- What the task requires -
From the entries below, transcribe exactly the lines between the line holding "Al abandonar el" and the line holding "6年生の教室の廊下にも6年生の装飾がありました。いよいよ明日は卒業です。", inclusive; skip all other lines.

- Records for the exercise -
<<<<

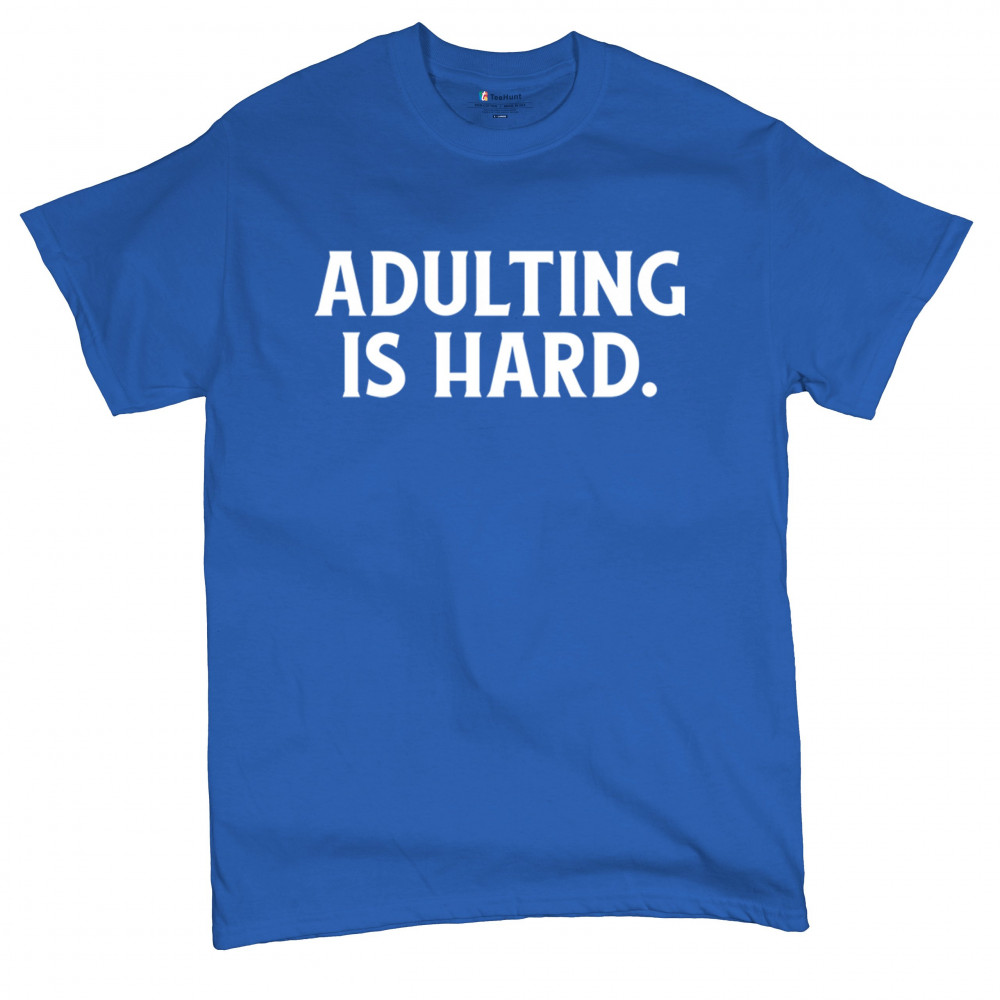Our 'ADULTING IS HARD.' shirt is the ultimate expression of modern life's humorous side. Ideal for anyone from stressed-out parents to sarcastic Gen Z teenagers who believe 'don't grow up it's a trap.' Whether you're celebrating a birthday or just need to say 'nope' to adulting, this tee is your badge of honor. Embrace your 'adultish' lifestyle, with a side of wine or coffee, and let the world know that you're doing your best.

>>>>
<<<<

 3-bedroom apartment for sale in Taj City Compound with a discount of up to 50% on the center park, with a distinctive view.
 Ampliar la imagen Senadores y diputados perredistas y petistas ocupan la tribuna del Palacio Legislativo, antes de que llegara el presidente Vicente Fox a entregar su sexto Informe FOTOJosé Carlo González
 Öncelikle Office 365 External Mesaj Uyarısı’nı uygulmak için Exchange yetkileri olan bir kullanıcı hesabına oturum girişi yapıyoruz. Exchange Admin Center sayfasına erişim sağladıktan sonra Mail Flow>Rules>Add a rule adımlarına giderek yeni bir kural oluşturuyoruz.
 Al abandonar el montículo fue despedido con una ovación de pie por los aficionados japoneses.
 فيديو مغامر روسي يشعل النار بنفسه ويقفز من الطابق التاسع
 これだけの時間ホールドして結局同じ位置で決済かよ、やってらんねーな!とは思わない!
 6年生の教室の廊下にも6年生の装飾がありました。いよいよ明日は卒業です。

>>>>
<<<<

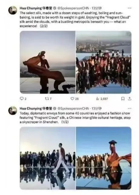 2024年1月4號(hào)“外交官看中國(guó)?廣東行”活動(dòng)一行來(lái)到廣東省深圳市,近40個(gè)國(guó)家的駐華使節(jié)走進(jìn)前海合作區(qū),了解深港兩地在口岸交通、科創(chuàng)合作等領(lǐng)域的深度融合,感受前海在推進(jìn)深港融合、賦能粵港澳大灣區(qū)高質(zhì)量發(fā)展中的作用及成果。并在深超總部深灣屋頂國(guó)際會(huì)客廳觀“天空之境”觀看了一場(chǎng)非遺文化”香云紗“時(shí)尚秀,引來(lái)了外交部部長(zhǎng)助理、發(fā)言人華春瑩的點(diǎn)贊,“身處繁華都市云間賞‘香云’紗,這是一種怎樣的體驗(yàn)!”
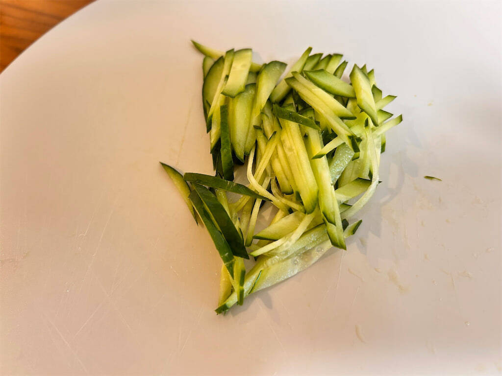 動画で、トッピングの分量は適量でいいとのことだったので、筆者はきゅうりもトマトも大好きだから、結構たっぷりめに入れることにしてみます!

>>>>

- Problem solution -
 Al abandonar el montículo fue despedido con una ovación de pie por los aficionados japoneses.
 فيديو مغامر روسي يشعل النار بنفسه ويقفز من الطابق التاسع
 これだけの時間ホールドして結局同じ位置で決済かよ、やってらんねーな!とは思わない!
 6年生の教室の廊下にも6年生の装飾がありました。いよいよ明日は卒業です。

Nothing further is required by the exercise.